Qantas set to resume dividend payouts next year, analysts predict
Qantas shareholders haven’t received a dividend since 2008. But things are looking up.
Qantas is set to next year deliver its first dividend since the financial crisis, according to analysis from Citi.
The bank’s analysts have made the call as they predict a reduction in capacity will improve the national carrier’s profitability metrics, and forecast the bitter price war with Virgin will become a distant memory.
They are also expecting the international operations to become less of a drag as discounting on flights to the UK and the US subsides.
“With the benefits of the domestic duopoly yet to be recognised, and the structural changes to international still a few years away we do believe there can be increased confidence in the delivery of the earnings and free cash flow profile for Qantas,” Citi said.
“In avoiding another domestic capacity (and price) war, we believe the earnings base from domestic, coupled with the earnings profile of frequent flyer, continues to support further capital management opportunities.”
In Citi’s view the capital management strategy will remain focused on buybacks this year, with $490 million of shares tipped to be reclaimed by Qantas (QAN).
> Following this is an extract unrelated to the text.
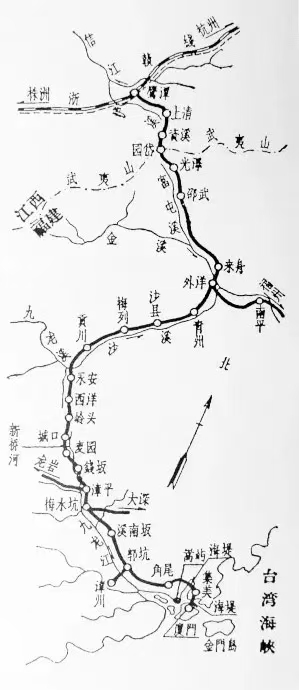 鹰厦铁路示意图“梧村塘外殷轻雷,万里飙轮倾刻来”,时代的列车在驰骋,千万个回望故乡的华侨半个世纪以来的“救乡梦”实现了,八闽大地从农业向现代工业发展的目标,乘上时代的列车飞奔起来。

Last year, the group reclaimed $505m worth of stock.
However, the focus may shift in the 2017 financial year provided there is no sudden downturn in the operating environment.
“With tax credits still needed to be worked through to start adding to franking credits, we see another buyback as increasingly likely to be announced at the FY2016 results, with the prospect for dividends to resume in the first half of FY2017,” the report said.
Citi believes the group could deliver $363m in dividends through the 2017 financial year.
Qantas has not declared a dividend since the second half of calendar year 2008, with the airline first dealing with depressed demand on the back of the financial crisis before being hit by a surge in oil prices.
The oil price issue has since turned into a tailwind for Qantas, which announced a swing to a $557m profit last financial year.
Softness in consumer demand over the past couple of months has slowed the carrier’s performance this year, but it is still on track for profit, with the company announcing on Monday it had arrested a brief slide in a key domestic profitability measure.
Citi applauded this news in its latest report, but warned the airline sector was always on edge amid the risk for an international shock to crimp profits.
Qantas stock has slumped 25 per cent since mid-April, owing to its decision to trim capacity guidance, but Citi believes traders have overreacted.
“Overall, the share price reaction … has been severe, and one that doesn’t reflect the underlying earnings quality in the business, in our view, nor the structural improvements management are delivering,” the bank’s analysts said.
“Nor does the share price reflect the quantum of dividends and buy backs expected to be delivered by the board over the next 15 months.”
Qantas shares traded up 0.2 per cent at 1.30pm (AEST), against a broader market fall of 0.9 per cent.